Our “Data: Elemental to Health” campaign is gaining traction in Washington, DC and beyond since its launch in February:

·         More than 80 institutions representing health care providers, patients and consumers, public health professionals, and IT developers have endorsed our funding request to Congress. You can read a copy of our letter to appropriators HERE.

·         CSTE’s leadership travelled to Capitol Hill in March to discuss our proposal with officials in Congress, the Department of Health and Human Services (HHS), and the Office of Management and Budget;

·         Senator Richard Blumenthal (D-CT)—recognizing the need to modernize the data infrastructure—sent a letter to appropriators endorsing our funding request;

·         CSTE’s Director of Science and Policy Janet Hamilton was invited to testify before the House appropriations subcommittee with jurisdiction over public health funding about the dire need to build a public health data superhighway of the 21st Century.
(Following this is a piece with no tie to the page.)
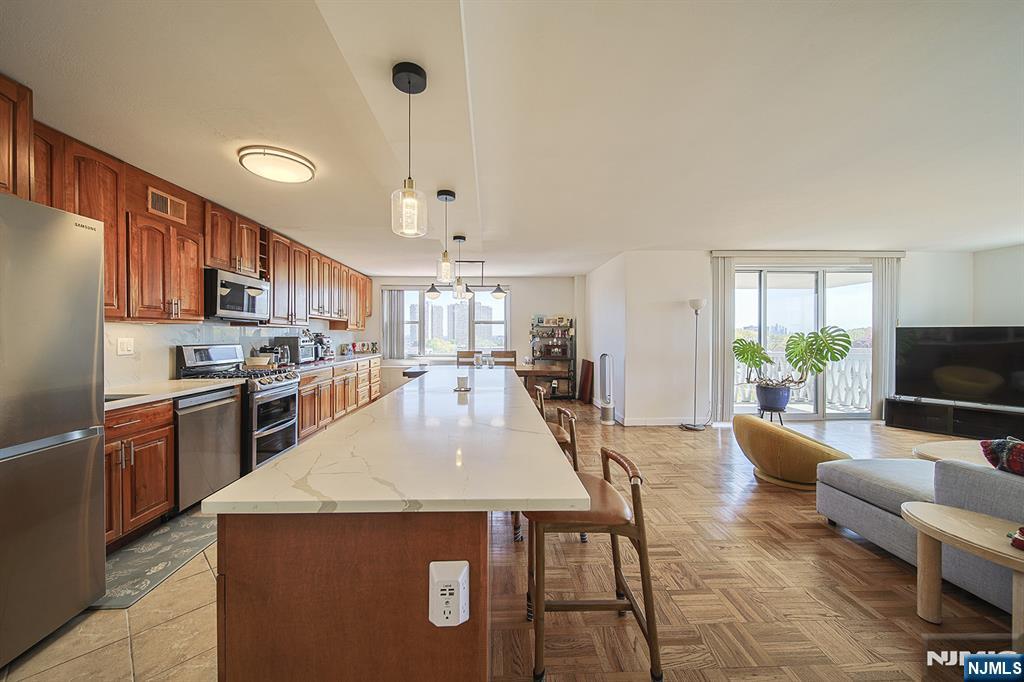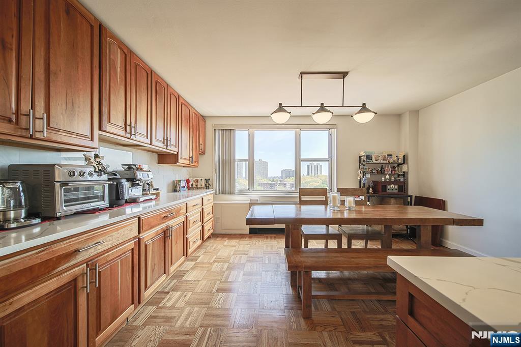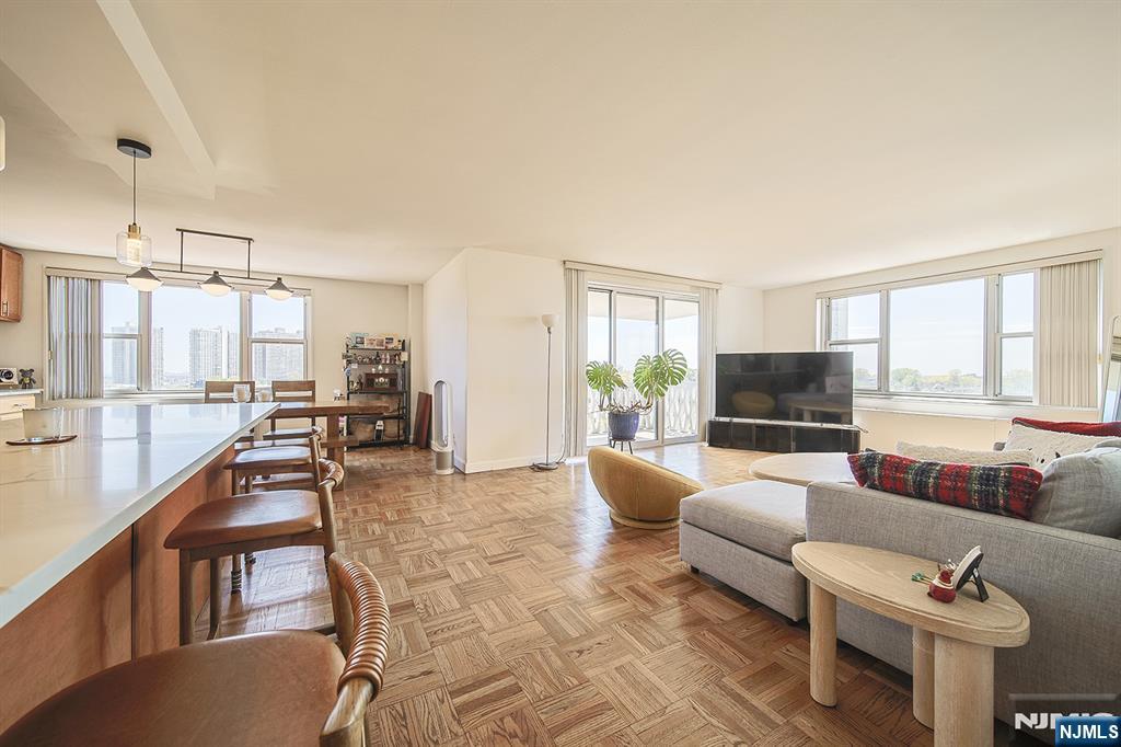 Beautiful Renovated Condo at Med South is ready for you to move in. Hardwood floor, renovated kitchen and bathrooms. Eastern and southern exposures provide much light in every room. Full time superintendent, on site management, outdoor pools, playground. manicured grounds and one floor laundry room, indoor or outdoor parking(95$/85/75 per month per car) assigned after closing by management. choice of Spectrum for $15/month per resident. Free shuttle for NY Presbyterian employees across the street. Easy access to NYC-bound buses, major NJ highways, and fort Lee's vibrant dining scene. Don't miss this exceptional CHANCE. A must see!!!

You can watch her testimony HERE and access her written statement for the record HERE.

We will soon know if our campaign has made an impact when the House appropriations subcommittee unveils its public health funding bill on/around April 30 and the full committee considers it on May 8.

You can help us between now and then by sharing this blog, our campaign flyer and letter, Janet’s testimony, and this Association of State and Territorial Health Officials (ASTHO) video about the campaign with your colleagues at the department of health, your governor, and to the extent you are comfortable, with your federal elected officials. This funding, if appropriated, will represent the most significant, strategic, transformative investment in data systems at the federal, state, and local levels ever, and we want as many people as possible to know about it.


Emily J. Holubowich, MPP is the Senior Vice President, Cavarocchi Ruscio Dennis Associates, LLC. Emily joined CRD Associates in 2009 and has nearly 20 years of experience in health and fiscal policy, government relations, strategic communications, and coalition management. She has represented CSTE’s interests on Capitol Hill since 2013.